Dentro al carcere spettacolo rinnovato di umanità bella

Non solo in 13mila supermercati italiani. Tra le 8.200 tonnellate raccolte dai volontari Banco alimentare nella giornata della Colletta c'erano anche le "scatolette" donate da tanti detenuti. Come è accaduto a Opera, alle porte di Milano. Essere rinchiusi al piano di un reparto dove si è ristretti e con solo due ore d’aria al giorno non è certo cosa facile. Al carcere di Opera, probabilmente, sentirsi chiedere da un volontario «Giornata della Colletta alimentare, vuoi donare qualcosa?» è qualcosa che sfida anche il lamento più giustificabile, se non giusto. Invece, trovi gente che dona e che ti scrive su un foglietto: «La sezione B del 1° piano vi ringrazia per averci dato la possibilità di essere stati utili. Buon Natale».

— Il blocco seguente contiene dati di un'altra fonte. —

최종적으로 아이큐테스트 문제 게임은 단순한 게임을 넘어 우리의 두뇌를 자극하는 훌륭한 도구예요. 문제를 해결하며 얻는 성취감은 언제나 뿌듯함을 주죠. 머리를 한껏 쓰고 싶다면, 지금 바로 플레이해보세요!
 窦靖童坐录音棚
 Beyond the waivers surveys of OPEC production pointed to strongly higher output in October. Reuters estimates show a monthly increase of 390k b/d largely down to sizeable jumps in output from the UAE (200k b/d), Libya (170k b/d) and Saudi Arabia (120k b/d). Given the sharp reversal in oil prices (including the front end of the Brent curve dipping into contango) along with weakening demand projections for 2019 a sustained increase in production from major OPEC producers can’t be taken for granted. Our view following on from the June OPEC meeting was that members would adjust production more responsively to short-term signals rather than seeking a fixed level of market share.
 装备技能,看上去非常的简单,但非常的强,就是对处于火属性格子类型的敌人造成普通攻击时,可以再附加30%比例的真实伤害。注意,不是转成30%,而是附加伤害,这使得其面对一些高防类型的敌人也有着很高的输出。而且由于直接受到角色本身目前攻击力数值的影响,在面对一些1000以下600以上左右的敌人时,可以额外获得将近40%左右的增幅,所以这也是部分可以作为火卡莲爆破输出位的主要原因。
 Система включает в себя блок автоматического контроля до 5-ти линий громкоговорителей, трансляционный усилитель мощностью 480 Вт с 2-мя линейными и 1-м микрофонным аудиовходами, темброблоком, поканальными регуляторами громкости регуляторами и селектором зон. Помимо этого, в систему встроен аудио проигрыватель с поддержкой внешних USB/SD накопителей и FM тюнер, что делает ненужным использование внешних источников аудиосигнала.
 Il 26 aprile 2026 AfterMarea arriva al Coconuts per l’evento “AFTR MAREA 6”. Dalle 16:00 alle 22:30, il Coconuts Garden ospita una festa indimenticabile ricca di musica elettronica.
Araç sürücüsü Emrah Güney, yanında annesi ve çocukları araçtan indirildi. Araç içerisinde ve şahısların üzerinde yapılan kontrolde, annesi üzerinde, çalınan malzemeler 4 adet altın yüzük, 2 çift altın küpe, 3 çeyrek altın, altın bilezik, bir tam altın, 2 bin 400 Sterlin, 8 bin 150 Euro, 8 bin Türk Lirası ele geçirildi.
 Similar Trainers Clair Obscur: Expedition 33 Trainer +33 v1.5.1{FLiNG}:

Io ho fatto la Colletta in un'altra sezione, dove i detenuti vivono in "bracci" aperti e dove durante il giorno possono uscire dalle celle. A noi volontari di "Incontro e presenza" (un gruppo di persone che da anni visita le carceri milanesi) è stato concesso di girare tra i corridoi, insieme agli assistenti, per raccogliere gli alimenti.
Ci sono persone che incontriamo abitualmente e, nel tempo, alcune di loro sono diventate perfino amiche. A Opera sono una ventina su 1.400 detenuti. Questo per dire che per noi andare tra le celle a fare la Colletta è per lo più incontrare degli estranei, spesso in una condizione di oggettiva sofferenza.

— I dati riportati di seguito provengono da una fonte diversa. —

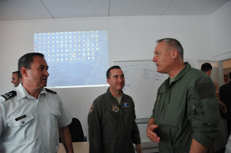 Počínání posádek vrtulníků sledují (zleva) podplukovník Robert Papš, velitel vzdušných sil AČR generál Jiří Verner a velitel přerovské základny plukovník Miroslav Šebesta
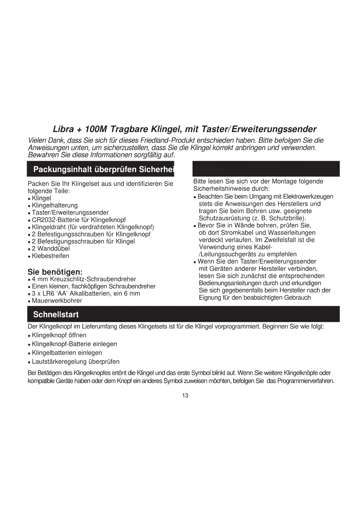 Packungsinhalt überprüfen.................................Pg. 13 Sicherheit............................................................ Schnellstart......................................................... Klingelknopf öffnen/Namensschild herausnehmen.. Pg. 14 Klingelknopfbatterie einlegen............................. Klingelbatterien einlegen.................................... Klingelfunktionen ............................................... Pg. 15 Lautstärke ......................................................... Schiebefenster .................................................. Symbol .............................................................. Pg. 16 Programmierung ............................................... Wiederholung..................................................... Pg. 17 Klingeltöne ........................................................ Anbringen des Klingelknopfes .......................... Gongposition ..................................................... Taster- /Erweiterungssenderfunktionen ............ Pg. 18 Störungssuche .................................................. Pg. 19 Typische Installation .......................................... Pg. 20 Spezifikationen................................................... Pg. 22 Entsorgung......................................................... Garantie............................................................. Erklärung............................................................13 Libra + 100M Tragbare Klingel, mit Taster/Erweiterungssender Vielen Dank, dass Sie sich für dieses Friedland-Produkt entschieden haben. Bitte befolgen Sie die Anweisungen unten, um sicherzustellen, dass Sie die Klingel korrekt anbringen und verwenden. Bewahren Sie diese Informationen sorgfältig auf. Packen Sie Ihr Klingelset aus und identifizieren Sie folgende Teile: ● Klingel● Klingelhalterung● Taster/Erweiterungssender● CR2032-Batterie für Klingelknopf● Klingeldraht (für verdrahteten Klingelknopf)● 2 Befestigungsschrauben für Klingelknopf● 2 Befestigungsschrauben für Klingel● 2 Wanddübel● Klebestreifen Sie benötigen: ● 4 mm Kreuzschlitz-Schraubendreher ● Einen kleinen, flachköpfigen Schraubendreher● 3 x LR6 ‘AA’ Alkalibatterien, ein 6 mm ● Mauerwerkbohrer Packungsinhalt überprüfen Sicherheit Bitte lesen Sie sich vor der Montage folgende Sicherheitshinweise durch: ● Beachten Sie beim Umgang mit Elektrowerkzeugen stets die Anweisungen des Herstellers und tragen Sie beim Bohren usw. geeignete Schutzausrüstung (z. B. Schutzbrille). ● Bevor Sie in Wände bohren, prüfen Sie, ob dort Stromkabel und Wasserleitungen verdeckt verlaufen. Im Zweifelsfall ist die Verwendung eines Kabel- /Leitungssuchgeräts zu empfehlen ● Wenn Sie den Taster/Erweiterungssender mit Geräten anderer Hersteller verbinden, lesen Sie sich zunächst die entsprechenden Bedienungsanleitungen durch und erkundigen Sie sich gegebenenfalls beim Hersteller nach der Eignung für den beabsichtigten Gebrauch Der Klingelknopf im Lieferumfang dieses Klingelsets ist für die Klingel vorprogrammiert. Beginnen Sie wie folgt: ● Klingelknopf öffnen● Klingelknopf-Batterie einlegen ● Klingelbatterien einlegen ● Lautstärkeregelung überprüfen Bei Betätigen des Klingelknopfes ertönt die Klingel und das erste Symbol blinkt auf. Wenn Sie weitere Klingelknöpfe oder kompatible Geräte haben oder dem Knopf ein anderes Symbol zuweisen möchten, befolgen Sie das Programmierverfahren. Schnellstart14 Legen Sie die CR2032-Knopfbatterie ein. Die mit ‚+‘ gekennzeichnete Seite weist dabei nach oben. Klingelknopfbatterie einlegen Abb. 2 CR2032
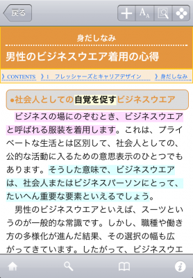 ●蛍光ペンを使うように重要箇所に色をつけるマーカー機能(*要iOS3.2以降)
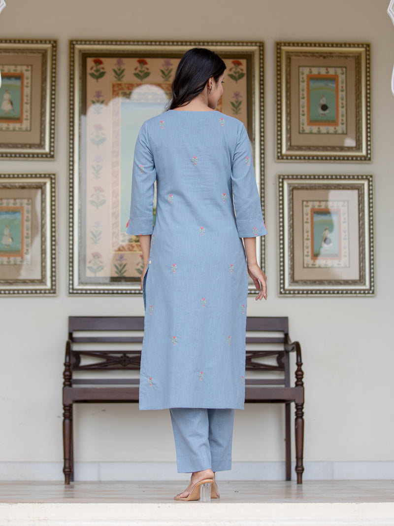 Women Powder Blue 2PC KURTA PANT SET WITH HAND CRAFT DETAILS
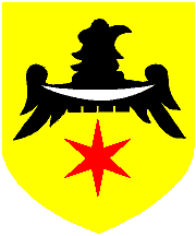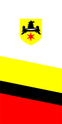 slanting sripes white - yellow - black - red, with in topcenter the communal

Quel giorno mi è successo di essere il primo ad entrare in uno di questi "bracci" per invitare i detenuti a donare qualcosa. All'inizio vedevo solo gli sguardi un po' diffidenti o indifferenti spuntare dalle celle semi aperte. Ma poi, non appena uno se ne usciva con le sue scatolette, allora, come una valanga, come un fiume in piena, nelle nostre ceste cadevano i doni di tutti.

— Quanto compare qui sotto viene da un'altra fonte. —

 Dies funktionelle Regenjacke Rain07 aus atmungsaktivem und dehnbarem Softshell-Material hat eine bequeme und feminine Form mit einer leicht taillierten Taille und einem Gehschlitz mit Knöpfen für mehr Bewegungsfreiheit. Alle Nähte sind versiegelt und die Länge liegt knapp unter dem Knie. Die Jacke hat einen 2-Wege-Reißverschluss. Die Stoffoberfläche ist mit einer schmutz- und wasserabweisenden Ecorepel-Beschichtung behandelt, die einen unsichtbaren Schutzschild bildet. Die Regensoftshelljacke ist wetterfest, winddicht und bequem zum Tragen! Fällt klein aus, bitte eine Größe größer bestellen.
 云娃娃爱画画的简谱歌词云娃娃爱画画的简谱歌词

È così che funziona. Per tutti. O almeno, questo io ho visto quel sabato mattina: il cuore ha un desiderio di bene e di carità così grande che è irresistibile. E uno non vede l'ora di poter cedere a questo desiderio. Puoi essere povero, rinchiuso in carcere, prigioniero anche della maschera che ti sei costruito per proteggerti, ma non aspetti altro che di poter cedere con commozione. Cedi al fatto che puoi essere felice, che c'è una risposta di felicità al bisogno del tuo cuore. E che questa risposta è misteriosamente legata al sacrificio. 
Ogni anno vado a questa Colletta così particolare con un po' di timore. Mi spaventano le situazioni di povertà estrema e di sofferenza che lì capita di incontrare. Tuttavia, ogni volta è un rinnovato spettacolo di umanità bella che ritrova il proprio volto.